Bagian atap di lantai dua itulah yang menjadi ruang utama masjid untuk salat. Pada Jumat (31/5/2019), jemaah bergantian mengambil wudu di lantai 1 lalu mengisi saf salat di lantai dua. Selain di bagian ‘segitiga’ yang ada di lantai 2, jemaah melaksanakan salat di selasar.

Masjid hasil tukar guling (ruilslag) ini dirancang Ridwan Kamil, yang saat ini menjabat Gubernur Jawa Barat. Mulai dirancang pada 2012, pembangunan masjid ini selesai pada 2015.

“(Pengerjaan) pembangunan 2015 cuma 8 bulan. Konsep ruilslag yang lama, karena ini wakaf negara. Disposisi menteri, Kementerian Agama. Karena ini masjid (awalnya) ada di dalam,” ucap pengurus Masjid Jami’e Darussalam, Burhanudin Iqrom, saat ditemui di lokasi.

“Dibikinlah konsep, kalau dibanding mesjid lain, yang karyanya dia di luar konsep atau out of the box. Di sini kan dilihat, anggapannya tropis, masih banyak rumah mau disamakan (atapnya),” sambungnya.

Proses pembangunan masjid dan sosialisasi kepada warga saat itu tidak selalu lancar. Sempat ada kontroversi saat desain masjid ditunjukkan.

Masjid Jami’e Darussalam

“(Kontroversi di) masyarakat, kan dia lihat maketnya (gambar desain). Ada kontroversi,” ucap Burhanudin.

Pengurus masjid yang sepakat dengan RK membantu menjelaskan kepada masyarakat soal bentuk bangunan masjid.

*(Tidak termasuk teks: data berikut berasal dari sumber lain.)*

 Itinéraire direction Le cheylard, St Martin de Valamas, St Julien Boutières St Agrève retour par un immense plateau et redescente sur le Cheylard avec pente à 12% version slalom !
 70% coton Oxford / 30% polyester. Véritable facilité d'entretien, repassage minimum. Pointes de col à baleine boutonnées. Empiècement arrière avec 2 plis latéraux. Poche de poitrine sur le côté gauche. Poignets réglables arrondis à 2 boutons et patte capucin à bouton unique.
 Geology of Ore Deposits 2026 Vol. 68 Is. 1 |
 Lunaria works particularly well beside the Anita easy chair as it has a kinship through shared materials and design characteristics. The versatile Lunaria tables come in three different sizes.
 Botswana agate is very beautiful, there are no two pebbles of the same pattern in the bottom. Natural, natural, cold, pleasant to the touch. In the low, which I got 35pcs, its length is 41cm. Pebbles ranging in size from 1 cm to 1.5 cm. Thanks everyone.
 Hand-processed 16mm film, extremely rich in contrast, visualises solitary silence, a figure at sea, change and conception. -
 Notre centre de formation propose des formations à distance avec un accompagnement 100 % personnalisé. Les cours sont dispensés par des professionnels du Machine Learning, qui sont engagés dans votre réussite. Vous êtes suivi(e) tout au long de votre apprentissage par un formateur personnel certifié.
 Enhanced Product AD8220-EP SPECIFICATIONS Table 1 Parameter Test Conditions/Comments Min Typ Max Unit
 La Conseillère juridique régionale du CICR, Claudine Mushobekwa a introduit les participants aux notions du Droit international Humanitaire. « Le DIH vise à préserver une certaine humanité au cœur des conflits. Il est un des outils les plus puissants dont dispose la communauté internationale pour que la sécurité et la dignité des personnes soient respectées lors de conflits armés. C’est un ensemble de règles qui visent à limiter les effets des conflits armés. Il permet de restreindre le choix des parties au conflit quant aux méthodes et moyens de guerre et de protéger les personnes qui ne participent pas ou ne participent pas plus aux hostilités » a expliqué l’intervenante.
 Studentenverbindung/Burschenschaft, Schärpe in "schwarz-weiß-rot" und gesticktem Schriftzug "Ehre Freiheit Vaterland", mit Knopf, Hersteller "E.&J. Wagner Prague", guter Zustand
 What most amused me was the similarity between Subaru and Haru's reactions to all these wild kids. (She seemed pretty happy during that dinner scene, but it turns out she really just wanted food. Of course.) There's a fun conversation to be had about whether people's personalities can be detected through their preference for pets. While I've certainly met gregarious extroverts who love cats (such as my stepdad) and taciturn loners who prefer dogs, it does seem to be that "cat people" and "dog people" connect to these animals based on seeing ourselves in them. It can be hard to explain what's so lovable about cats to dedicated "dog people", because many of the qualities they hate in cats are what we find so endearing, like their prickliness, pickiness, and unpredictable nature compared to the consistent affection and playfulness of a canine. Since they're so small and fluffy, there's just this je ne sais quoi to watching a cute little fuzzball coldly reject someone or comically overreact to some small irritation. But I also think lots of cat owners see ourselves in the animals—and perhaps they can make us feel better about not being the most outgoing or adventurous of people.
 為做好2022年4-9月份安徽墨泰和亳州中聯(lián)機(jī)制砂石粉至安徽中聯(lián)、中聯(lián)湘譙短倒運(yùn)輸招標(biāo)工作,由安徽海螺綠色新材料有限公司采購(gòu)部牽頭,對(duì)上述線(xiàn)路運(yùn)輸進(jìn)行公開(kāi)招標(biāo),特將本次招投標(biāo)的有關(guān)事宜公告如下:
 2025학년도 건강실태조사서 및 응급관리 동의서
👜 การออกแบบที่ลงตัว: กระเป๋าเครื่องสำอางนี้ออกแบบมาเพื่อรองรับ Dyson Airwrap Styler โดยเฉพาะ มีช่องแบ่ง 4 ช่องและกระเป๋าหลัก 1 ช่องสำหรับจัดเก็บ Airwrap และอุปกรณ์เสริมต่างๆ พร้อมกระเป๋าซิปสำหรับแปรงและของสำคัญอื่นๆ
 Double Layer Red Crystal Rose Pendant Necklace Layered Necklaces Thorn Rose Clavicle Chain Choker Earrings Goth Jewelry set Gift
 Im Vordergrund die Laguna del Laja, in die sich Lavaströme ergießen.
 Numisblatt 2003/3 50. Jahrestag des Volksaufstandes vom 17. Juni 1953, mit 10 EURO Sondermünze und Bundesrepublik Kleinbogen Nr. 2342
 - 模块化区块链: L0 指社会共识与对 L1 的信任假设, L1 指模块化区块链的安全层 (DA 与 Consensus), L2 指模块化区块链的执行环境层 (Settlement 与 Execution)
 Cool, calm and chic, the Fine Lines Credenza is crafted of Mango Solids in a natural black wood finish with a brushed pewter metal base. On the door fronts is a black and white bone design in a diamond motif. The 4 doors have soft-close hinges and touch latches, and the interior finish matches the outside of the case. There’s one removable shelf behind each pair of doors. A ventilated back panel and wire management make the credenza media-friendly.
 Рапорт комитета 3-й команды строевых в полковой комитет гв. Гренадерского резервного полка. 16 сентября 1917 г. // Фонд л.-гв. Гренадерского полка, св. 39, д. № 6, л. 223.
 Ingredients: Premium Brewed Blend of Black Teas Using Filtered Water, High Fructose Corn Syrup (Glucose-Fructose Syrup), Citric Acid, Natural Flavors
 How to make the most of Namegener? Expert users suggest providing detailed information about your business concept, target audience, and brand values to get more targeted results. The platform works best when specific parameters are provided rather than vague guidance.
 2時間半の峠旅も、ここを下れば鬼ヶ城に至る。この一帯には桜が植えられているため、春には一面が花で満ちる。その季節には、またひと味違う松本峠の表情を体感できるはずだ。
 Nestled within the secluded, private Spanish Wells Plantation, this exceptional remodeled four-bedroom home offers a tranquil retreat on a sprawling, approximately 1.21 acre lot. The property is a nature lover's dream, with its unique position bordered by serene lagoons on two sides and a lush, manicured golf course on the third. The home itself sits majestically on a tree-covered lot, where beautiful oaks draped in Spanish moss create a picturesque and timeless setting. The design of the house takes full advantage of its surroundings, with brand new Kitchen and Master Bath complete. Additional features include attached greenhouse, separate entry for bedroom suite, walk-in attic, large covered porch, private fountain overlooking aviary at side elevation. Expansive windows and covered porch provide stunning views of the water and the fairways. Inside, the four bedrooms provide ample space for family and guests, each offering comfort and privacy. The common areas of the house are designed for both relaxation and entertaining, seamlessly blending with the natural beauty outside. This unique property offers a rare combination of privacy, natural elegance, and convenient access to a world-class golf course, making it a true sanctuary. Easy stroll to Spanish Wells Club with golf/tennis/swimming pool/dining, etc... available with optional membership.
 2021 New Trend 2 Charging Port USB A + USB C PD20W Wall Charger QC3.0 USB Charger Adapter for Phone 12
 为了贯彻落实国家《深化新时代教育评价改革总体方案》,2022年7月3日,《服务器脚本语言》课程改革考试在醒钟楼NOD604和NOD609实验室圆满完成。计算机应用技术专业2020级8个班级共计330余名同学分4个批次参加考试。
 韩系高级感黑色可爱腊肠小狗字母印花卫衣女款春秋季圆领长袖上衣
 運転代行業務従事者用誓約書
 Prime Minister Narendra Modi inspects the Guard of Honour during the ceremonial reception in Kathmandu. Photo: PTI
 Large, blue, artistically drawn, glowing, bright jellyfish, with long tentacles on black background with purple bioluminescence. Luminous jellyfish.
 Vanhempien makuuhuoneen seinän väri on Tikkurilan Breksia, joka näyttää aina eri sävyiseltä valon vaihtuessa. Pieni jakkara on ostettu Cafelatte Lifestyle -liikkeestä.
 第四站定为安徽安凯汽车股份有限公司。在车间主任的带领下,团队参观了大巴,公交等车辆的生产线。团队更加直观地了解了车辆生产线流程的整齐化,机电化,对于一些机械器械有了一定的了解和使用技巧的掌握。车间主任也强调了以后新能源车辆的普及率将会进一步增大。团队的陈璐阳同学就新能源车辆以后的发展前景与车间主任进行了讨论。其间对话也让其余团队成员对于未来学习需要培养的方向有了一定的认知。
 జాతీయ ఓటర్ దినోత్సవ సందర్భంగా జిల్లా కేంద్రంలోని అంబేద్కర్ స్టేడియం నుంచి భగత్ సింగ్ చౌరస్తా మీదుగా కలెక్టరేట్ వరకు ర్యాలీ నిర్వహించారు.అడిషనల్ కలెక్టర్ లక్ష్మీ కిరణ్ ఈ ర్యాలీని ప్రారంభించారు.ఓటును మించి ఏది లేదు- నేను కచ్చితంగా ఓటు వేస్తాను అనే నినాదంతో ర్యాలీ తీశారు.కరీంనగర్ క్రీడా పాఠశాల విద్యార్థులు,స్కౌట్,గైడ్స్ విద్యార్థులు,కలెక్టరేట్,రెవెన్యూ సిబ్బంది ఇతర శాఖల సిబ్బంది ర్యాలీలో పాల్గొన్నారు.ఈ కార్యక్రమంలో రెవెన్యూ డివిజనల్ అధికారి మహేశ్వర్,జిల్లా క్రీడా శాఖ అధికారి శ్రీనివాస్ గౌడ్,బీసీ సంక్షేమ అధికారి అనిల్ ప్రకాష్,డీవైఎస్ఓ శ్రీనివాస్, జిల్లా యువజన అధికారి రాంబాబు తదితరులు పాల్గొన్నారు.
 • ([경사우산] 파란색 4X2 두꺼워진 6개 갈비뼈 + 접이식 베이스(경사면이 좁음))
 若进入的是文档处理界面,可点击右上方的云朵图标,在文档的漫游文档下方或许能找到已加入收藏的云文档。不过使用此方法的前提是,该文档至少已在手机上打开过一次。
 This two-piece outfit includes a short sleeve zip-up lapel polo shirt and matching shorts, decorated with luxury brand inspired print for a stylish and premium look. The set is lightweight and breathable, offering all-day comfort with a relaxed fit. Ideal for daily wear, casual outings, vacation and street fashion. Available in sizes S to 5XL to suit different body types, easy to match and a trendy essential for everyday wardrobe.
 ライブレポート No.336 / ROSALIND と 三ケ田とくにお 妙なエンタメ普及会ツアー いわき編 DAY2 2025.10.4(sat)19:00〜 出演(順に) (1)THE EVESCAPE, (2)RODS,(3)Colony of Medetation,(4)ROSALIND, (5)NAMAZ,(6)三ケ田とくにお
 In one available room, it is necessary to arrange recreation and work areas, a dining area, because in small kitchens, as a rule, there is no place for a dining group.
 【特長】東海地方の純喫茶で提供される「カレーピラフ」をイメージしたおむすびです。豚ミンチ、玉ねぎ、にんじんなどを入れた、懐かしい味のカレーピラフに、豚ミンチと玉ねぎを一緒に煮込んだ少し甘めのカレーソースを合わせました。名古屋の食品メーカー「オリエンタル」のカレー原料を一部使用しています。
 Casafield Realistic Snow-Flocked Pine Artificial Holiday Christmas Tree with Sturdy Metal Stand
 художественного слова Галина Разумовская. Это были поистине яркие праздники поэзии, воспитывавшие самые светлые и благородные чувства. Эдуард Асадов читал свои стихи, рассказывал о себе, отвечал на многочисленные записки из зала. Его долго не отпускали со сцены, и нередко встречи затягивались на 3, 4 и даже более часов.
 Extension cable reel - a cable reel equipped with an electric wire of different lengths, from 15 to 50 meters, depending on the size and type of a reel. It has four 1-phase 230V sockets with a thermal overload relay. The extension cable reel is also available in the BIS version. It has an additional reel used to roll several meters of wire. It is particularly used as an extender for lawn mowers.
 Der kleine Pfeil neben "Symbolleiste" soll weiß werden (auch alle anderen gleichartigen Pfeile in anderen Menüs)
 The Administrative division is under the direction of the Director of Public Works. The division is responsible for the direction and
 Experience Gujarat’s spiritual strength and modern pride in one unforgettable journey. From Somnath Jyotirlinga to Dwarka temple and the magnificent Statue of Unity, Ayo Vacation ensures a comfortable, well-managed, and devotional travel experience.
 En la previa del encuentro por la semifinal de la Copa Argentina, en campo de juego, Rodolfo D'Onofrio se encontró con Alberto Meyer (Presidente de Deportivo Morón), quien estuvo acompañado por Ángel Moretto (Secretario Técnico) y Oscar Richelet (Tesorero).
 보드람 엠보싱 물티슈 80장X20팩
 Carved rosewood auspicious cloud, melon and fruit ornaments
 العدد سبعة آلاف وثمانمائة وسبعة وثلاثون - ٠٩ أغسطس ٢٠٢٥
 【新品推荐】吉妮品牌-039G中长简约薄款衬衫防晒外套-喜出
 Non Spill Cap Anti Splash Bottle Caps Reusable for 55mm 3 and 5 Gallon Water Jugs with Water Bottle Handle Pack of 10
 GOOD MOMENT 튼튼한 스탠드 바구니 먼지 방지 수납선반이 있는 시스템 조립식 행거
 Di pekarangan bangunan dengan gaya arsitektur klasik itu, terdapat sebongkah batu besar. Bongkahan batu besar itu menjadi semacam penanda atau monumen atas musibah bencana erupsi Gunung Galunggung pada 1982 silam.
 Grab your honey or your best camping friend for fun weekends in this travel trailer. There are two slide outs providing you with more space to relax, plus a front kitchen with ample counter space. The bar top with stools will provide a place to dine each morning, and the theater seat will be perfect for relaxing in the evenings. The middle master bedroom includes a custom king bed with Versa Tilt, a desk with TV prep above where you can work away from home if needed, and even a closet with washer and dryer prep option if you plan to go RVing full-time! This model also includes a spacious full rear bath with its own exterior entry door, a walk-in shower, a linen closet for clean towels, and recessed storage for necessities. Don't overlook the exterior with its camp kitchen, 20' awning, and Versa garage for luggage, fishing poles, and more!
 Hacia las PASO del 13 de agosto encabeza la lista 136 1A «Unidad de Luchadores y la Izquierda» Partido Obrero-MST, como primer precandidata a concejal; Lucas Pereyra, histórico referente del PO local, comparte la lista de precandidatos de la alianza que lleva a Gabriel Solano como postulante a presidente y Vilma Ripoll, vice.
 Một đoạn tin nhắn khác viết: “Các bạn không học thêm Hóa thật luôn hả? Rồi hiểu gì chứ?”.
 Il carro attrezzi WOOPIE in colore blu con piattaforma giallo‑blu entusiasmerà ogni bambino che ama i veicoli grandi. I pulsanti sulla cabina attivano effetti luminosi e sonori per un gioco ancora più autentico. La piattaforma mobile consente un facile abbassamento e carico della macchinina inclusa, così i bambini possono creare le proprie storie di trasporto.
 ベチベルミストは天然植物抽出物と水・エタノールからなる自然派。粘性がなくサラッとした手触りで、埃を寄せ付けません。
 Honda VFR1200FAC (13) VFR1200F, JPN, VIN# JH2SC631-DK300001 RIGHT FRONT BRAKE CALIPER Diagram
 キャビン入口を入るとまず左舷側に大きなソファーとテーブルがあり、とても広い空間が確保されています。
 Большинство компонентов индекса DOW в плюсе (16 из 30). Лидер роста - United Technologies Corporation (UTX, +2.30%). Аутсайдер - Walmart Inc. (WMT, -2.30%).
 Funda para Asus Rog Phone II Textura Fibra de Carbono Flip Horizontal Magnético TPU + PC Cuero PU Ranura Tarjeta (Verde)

“(Ada) kontroversi, karena ini saya bilang, kita tidak familiar dengan adanya atap (di masjid). Tapi dengan pendekatan DKM dan pengurus, dijelaskanlah, atap ambil dari (rumah) yang ada di sini,” ucap Burhanudin.

Setelah dijelaskan, masyarakat menerima bentuk bangunan ‘segitiga’ dari Masjid Jami’e Darussalam. Kegiatan keagamaan pun rutin dilakukan di tempat ini.

“Ada (kontroversi) sebelum (jadi), kan ada gambarnya, ada maketnya. Hanya sebagian (setelah masjid jadi) pas jadi, baru kita terangin. Tapi alhamdulillah, masyarakat menerima,” kata Burhanuddin.

Salah satu jemaah yang menjalankan salat Jumat di lokasi tidak mempermasalahkan bentuk masjid. Bagi dia, bentuk masjid tidak mempengaruhi sah-tidaknya salat.

“Ya salat, salat saja. Bentuk bangunan tidak berpengaruh,” kata salah satu jemaah bernama Mudas di lokasi.